(RECORDS TO PROCESS)

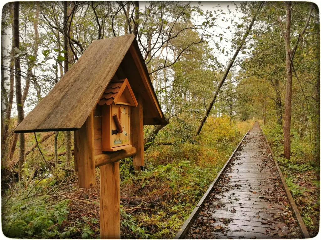 Algul ei saanud kohe aru, millises suunas õpperada algab. Ringikujuline ja 1,8 kilomeetrit kogupikkus, seega nagu poleks vahet. Alustasin vasakpoolsest harust ja peagi hakkasid paistma esimesed huvitava kujundusega infotahvlid. Nende disain oli eriline ja omajagu vaeva nähtud nende tegemisel. Mulle meeldis nende kujundus kõige enam. Riivist sai väikese luugi lahti lükata ja sealt sai siis lugeda ühe looma kohta. Kusjuures pilt luugil ei läinud kokku sisuga ja see oli huvitav omamoodi. Lastele veel eriti põnevad avastada. Esimeses punktis oli kaanepildiks orav ja sisu hoopis ilvese kohta. Midagi rabavalt uut teada ei saanud, põhiliselt siin pandud rõhku vanarahva uskumustele antud looma kohta, natuke üldist juttu ja vanaaegsed nimetused. Viimane oli kõige huvitavam ja nii mõndagi üllatavat sai teada.
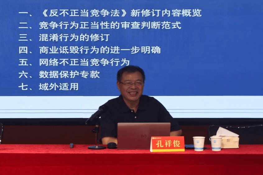 孔祥俊教授以“新修订《反不正当竞争法》精解”为题展开讲座,他从七个方面对本次《反不正当竞争法》修改与适用予以了体系化的解读,他首先回顾了《反不正当竞争法》的修法过程,指出2025年的修订虽然在大多数不正当竞争行为条款上变动不大,但所涉修订经常是直击要害、画龙点睛,其重要性不言而喻。《反不正当竞争法》具有经济发展过程中法益保护“孵化器”的作用,当市场上出现新型法益需要保护而暂无其他明确法律对它进行规制时,可由《反不正当竞争法》暂行保护,待外界对该法益归属达成共识后,再将其置于另外的法律中进行保护。对此,他以体育赛事画面、游戏规则、数据保护等法律规制问题进行举例,进行了诠释。接着,他对竞争行为正当性的审查判断范式进行了解读,认为要发挥《反不正当竞争法》第二条一般条款的实际用途,把握好第二条的分析框架——以不正当竞争行为为基础;在构成要素中将“扰乱市场竞争秩序”置于更高位阶,以符合立法旨意;明确《反不正当竞争法》中具体法益和一般法益保护的差异和竞争中性原则,以更好运用该法去解决实践中的问题。随后,他就《反不正当竞争法》中具体规定的为混淆行为、商业诋毁行为、网络不正当竞争行为、数据保护专款予以了重点分析,最后对我国《反不正当竞争法》的域外适用予以了阐释。在讲座结束时,孔祥俊教授强调要明晰各条文边界与内涵,体会立法者修订条文的目的性。
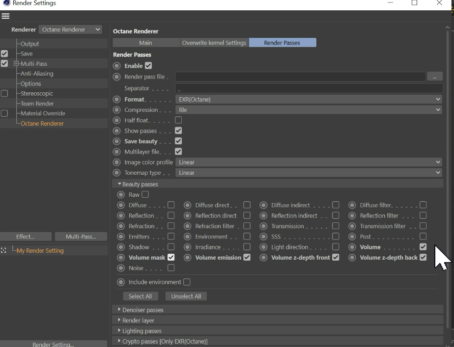 How do i render out a Octane volume in a seperate pass so i can peform post color correction on it isolated.
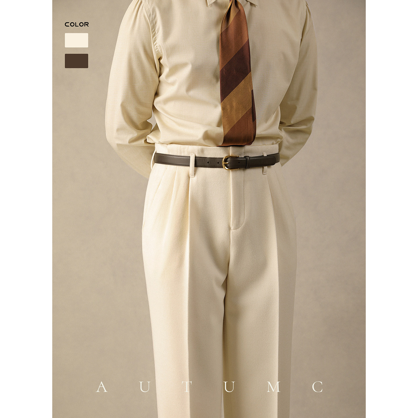 Dream made老钱风打褶呢料西裤男冬季加厚阔腿裤宽松直筒休闲裤子
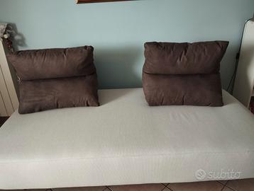 Vendo nuovo mai usato divano modulare con schienali movibili Samoa Scavolini molto originale, completamente sfoderabile sia la base che i cuscini. Misure divano colore panna 2 metri per 1 metro.Misure cuscini color marrone/camoscio 69x64 cm. Altezza piedini 17 cm, altezza da terra 41cm.
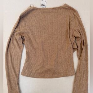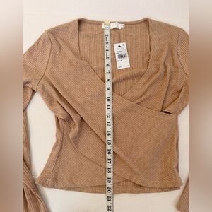 ASTR The Label Crisscross Wrap Surplice V-Neck Sweater. This stylish, ribbed, long-sleeve top in a sand color is designed with a flattering faux-wrap front.

(End RECORDS TO PROCESS)

__WORK TO BE COMPLETED__
A word-for-word repeat of the lines from the line with "Vendo nuovo mai" to the last line of the data, both ends included and pictures left out, is all that should appear.

__TASK ANSWER__
 Vendo nuovo mai usato divano modulare con schienali movibili Samoa Scavolini molto originale, completamente sfoderabile sia la base che i cuscini. Misure divano colore panna 2 metri per 1 metro.Misure cuscini color marrone/camoscio 69x64 cm. Altezza piedini 17 cm, altezza da terra 41cm.
 ASTR The Label Crisscross Wrap Surplice V-Neck Sweater. This stylish, ribbed, long-sleeve top in a sand color is designed with a flattering faux-wrap front.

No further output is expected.